Всего лишь короткое движение ресниц, но оно нарушило их внутреннюю связь, и в эту секунду Гала почувствовала себя совсем брошенной. Ей хотелось закричать от страха, но она знала, что никто не будет ее слушать, и решила сэкономить энергию, хотя понятия не имела — для чего.
Подобно тому, как у утопающего в открытом море появляется спокойная уверенность от осознания, что надежды на помощь больше нет, так и у Галы возникло ощущение незначительности теперешней борьбы в сравнении с тем сражением, что еще грядет. На мгновение ей показалось даже интересным выдержать это испытание, только чтобы увидеть, как жизнь выкрутится из этого положения. Именно в этот момент в Гале забила ключом неожиданная сила, а в глубинах под волнами ее одиночества родилось новое сознание.
Взгляды всех мужчин, сидевших по сторонам, — фотографа, его ассистентов и визажиста, всей редакции и среди них Максима скользили по ее телу. Они переплетались с ветром, дующим над каналом и влетающим в открытое окно полуподвала, где проводились съемки. Взгляды проносились смерчем по комнате, играли на ее шее, боках, ягодицах, ступнях, икрах, взмывали вверх между ног и леденили низ живота. Гладили ей кожу, волоски которой то вставали дыбом от холода, то опять опускались, будто приглаженные невидимой рукой.
Как колющую боль, Гала впервые ощутила в полной мере угрозу, исходящую от мужчин; это застало ее врасплох, словно опасность появилась откуда она не ждала. Гала задрожала при мысли о бездне, скрывающейся за маской мужчины. Она испугалась не горя, неуверенности или боли, которую приносит его любовь — это детские игры по сравнению со многим другим, — но дрожала от извращенности и однозначности роли мужчины. Поскольку все, в том числе и он сам, ожидают от него такого поведения, он играет свою роль настолько самозабвенно, что готов погубить тебя, лишь бы убедить. Гала внезапно осознала это природное, непреодолимое неравенство, препятствующее всякой самоотдаче.

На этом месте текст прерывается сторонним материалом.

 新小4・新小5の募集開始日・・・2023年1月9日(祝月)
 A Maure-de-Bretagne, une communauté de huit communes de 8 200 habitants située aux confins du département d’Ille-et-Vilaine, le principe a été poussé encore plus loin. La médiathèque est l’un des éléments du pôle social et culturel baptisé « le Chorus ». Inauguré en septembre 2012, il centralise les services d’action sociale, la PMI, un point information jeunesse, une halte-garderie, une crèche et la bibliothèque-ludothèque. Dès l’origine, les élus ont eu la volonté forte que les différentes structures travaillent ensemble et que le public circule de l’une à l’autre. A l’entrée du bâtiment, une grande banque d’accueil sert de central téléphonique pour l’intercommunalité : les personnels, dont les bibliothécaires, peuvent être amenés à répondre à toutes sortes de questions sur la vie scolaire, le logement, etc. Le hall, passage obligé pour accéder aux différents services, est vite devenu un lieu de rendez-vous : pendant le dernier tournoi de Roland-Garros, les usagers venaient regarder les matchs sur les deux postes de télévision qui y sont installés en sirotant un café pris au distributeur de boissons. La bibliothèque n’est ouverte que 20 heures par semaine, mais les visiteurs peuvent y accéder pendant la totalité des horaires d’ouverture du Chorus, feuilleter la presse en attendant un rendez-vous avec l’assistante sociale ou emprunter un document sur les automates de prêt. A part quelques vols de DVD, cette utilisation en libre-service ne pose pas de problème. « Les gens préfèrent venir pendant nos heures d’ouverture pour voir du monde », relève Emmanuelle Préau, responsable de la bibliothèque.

Должно быть, поэтому нет ни одной женщины, которая рано или поздно не откроет, что вместе с любовью в нее проникает и эта угроза.
Фотограф в третий раз попросил ее отставить зад, уже далеко не так любезно. Гала постаралась хорошо прочувствовать этот тон, словно унижение укрепляло ее, словно воспоминание о нем будет оружием, которым она в будущем сможет защищаться. Этим оружием было презрение. Подобно заклинанию, оно отняло у этих мужчин всю их магическую силу. «Они используют меня, — думала Гала, — но я им нужна. Я могу поменяться с ними ролями, и я сделаю это». Это было мощное ощущение, но не осознанная мысль и уж точно не стратегия. В ней родилось понимание, невинное и непосредственное, как всякое новорожденное дитя. Кричащее от ужаса перед неизвестностью.

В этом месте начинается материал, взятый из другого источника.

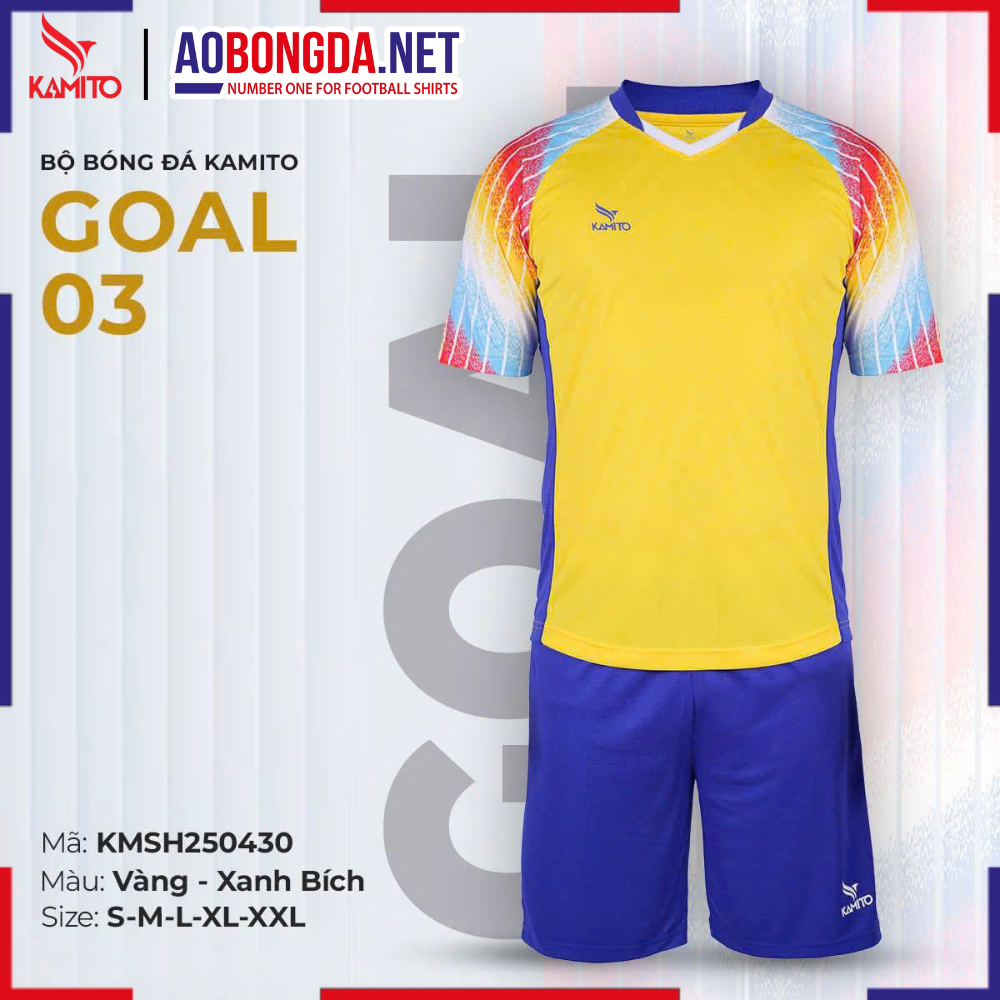 Bộ đồ bóng đá Kamito Goal 03 mang đến nhiều lựa chọn màu sắc: Đỏ, Trắng, Vàng, Đen, Xanh Bích cùng kích thước từ S – 2XL, phù hợp với mọi vóc dáng. Logo Kamito in sắc nét ở ngực phải tăng thêm sự chuyên nghiệp và đẳng cấp cho bộ trang phục.

Гала крепко обхватила руками шею дикого лебедя, прижала живот к перьям и как можно дальше отставила зад. Она даже нарочито приподняла его, показав самое интимное. Дыхание у мужчин участилось. Они беспокойно заерзали на скамейках. Камера щелкала непрерывно. Вспышки ударяли ей по глазам. Это был фейерверк, которым Гала отмечала свой триумф.
— Кстати, о чем ты тогда думал? — спрашивает Гала. Они все еще стоят в темноте на той же улице. При свете зажигалки Максим находит коробку «Асти спуманте» во дворе траттории, где их только что надули. Дверь в кухню открыта. Там снуют повара между выключившимся кондиционером и кислородным аппаратом в аквариуме с раками.
Упоение игрой фортуны делает Максима безрассудным. Он пытается открыть одну из бутылок зубами.
— Когда?
— Когда сидел в фотостудии и смотрел на меня.
Зубы царапнули по горлышку бутылки. Максим ругается.
— Всегда есть две стороны, — продолжает Гала, — перед объективом и за объективом.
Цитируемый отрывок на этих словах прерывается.